The gate-to-gate boundary defines the monitoring scope of an obligated entity — it covers all direct and indirect GHG emissions from the entity’s production processes and operations. Per the BEE Detailed Procedure, this includes Scope 1 direct combustion emissions from all fuels consumed, Scope 1 direct process emissions from chemical reactions (for example, PFC emissions from aluminium anode effects or CO₂ from limestone calcination in steel production), and Scope 2 indirect emissions from purchased electricity and heat consumed in production. The boundary is fixed at the start of the trajectory period and cannot be changed without BEE approval. For integrated facilities, the boundary typically includes upstream processing steps (sintering, coke making, pellet making) that are directly integrated into the main production process. Getting the boundary wrong — either too narrow to exclude high-emission sources, or incorrectly defined mid-year — is the most common technical reason BEE issues queries on Form A submissions.
What is the difference between Type I and Type II emission factors in CCTS, and which should an entity use?
Type I emission factors are standard values from the latest IPCC Guidelines, India’s national inventory submissions, or statutory body publications — used by default when plant-specific data is not available. Type II emission factors are derived by the obligated entity itself through sampling and laboratory analysis of the actual fuels consumed, following the methodology in Section 5 of the BEE Detailed Procedure. For Indian coal, which varies significantly in calorific value and carbon content between supply sources and mine types, Type II factors can produce materially different (often lower) GEI calculations than the IPCC defaults. For a coal-intensive plant, the difference can be 5-10% of the calculated GEI — potentially worth tens of crores in CCC surplus versus shortfall. The sampling and analysis cost is approximately Rs 2-5 lakh. Every coal-intensive obligated entity should evaluate whether Type II factors are worth commissioning before finalising its FY2025-26 GHG report.
How long does ACVA verification take and what is the July 2026 deadline risk?

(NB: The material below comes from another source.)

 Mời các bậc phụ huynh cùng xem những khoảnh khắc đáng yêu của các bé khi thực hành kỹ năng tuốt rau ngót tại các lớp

ACVA verification typically takes 8 to 12 weeks from engagement to final verified report — comprising document review (2-4 weeks), data control assessment (1-2 weeks), on-site inspection (1-2 weeks for first-year submissions), and clarification rounds (2-4 weeks depending on CR volume). An entity that engages an ACVA in mid-April 2026 is at the outer limit of receiving a verified report by late June to mid-July, allowing time for ICM portal submission before the approximately July 31 Form A deadline. An entity that has not yet engaged an ACVA as of the date of this article is at material risk of missing the deadline unless verification can be expedited, which requires the entity to have exceptionally clean data and documentation already prepared. The consequence of missing the deadline is that BEE deems the entity to have submitted at its baseline GEI — potentially triggering a larger compliance shortfall than the entity’s actual performance warrants.